Transition To Motherhood
In the United States, women are under tremendous pressure to bear children, and motherhood is often associated with their maturity and achievement in life. Becoming a mother is also considered to be a "normal" life course stage for women. This perception is also common in other societies. For example, Angelina Yuen-Tsang (1997) reported that many Chinese women accepted without question the view that childbearing was a natural and necessary part of their family life course; therefore, few ever considered the option of not having children. The pressure for women's childbearing is derived not only from their personal network of relatives and friends but also from society. In Japan, where low fertility rates have been of great governmental concern, young women are frequently accused of being selfish when they pursue higher education or prolong employment that distracts women from their "primary" duty of motherhood ( Jolivet 1997).

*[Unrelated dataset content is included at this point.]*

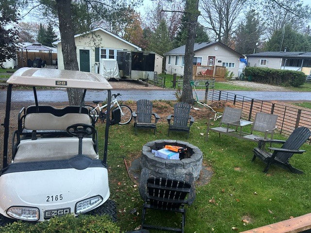 This beautiful two bedroom Seasonal unit in Maple Leaf Acres is ready for you to move in and enjoy. Lots of room to spread out and relax both inside and outside. Yes the Golf Cart is included! Enjoy your time on the deck anytime with new deck screening. This home is sitting on a cement pad so there is ample storage underneath as well as a large shed.

Despite these societal and familial pressures, an increasing number of women today are either choosing not to have children or delaying childbearing until midlife. According to U.S. Bureau of Census data (1998), 23 percent of women between the ages of thirty-five and forty-four remained childless in 1992. This figure increased to 26.5 percent in 1999. Moreover, the percentage of mothers who gave birth at age twenty-four or younger decreased during the 1990s (U.S. National Center for Health Statistics 2001). In 1992, approximately 39 percent of total live births came from women younger than twenty-four, whereas 59 percent of live births came from mothers in between the ages of twenty-five and thirty-nine. In 1999, 36 percent of mothers were younger than twenty-four when they gave birth whereas 61 percent of live births came from mothers in between the ages of twenty-five and thirty-nine. Many women who choose to delay the birth of their first child wish to enjoy an autonomous life for themselves and achieve career objectives before beginning the tasks of parenting (Wilkie 1987).

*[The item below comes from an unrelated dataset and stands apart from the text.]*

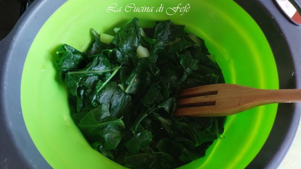 • Leve a ferver uma panela com água salgada. Primeiro coloque os cubinhos do talo e deixe cozinhar por cerca de 5 minutos. Acrescente também as folhas, que vão murchar na hora e liberar todo o aroma. Deixe cozinhar mais 2′.

Although contemporary motherhood can be seen as a choice for many women, some pregnancies occur without a conscious decision. Many of these unplanned pregnancies occur among teenage women. The causes of unplanned pregnancy are often complicated. Despite the availability of information about reproduction, many teenagers do not seem to understand how conception takes place and believe that they are somehow immune to pregnancy. Some researchers have attributed adolescent pregnancy to the individual's self perception, and have suggested that low self-esteem is a factor, or to social causes such as family problems and poverty. Most importantly, however, adolescents become pregnant because they frequently lack the judgment necessary to deal with their sexuality.
In a number of studies focusing on teenage mothers, poverty and child abuse have been found to be persistent problems (Geronimus and Korenman 1992). Children of teen parents are also found to be disadvantaged in terms of cognitive performance, and daughters of teen mothers are likely to give birth in their teens (Manlove 1997).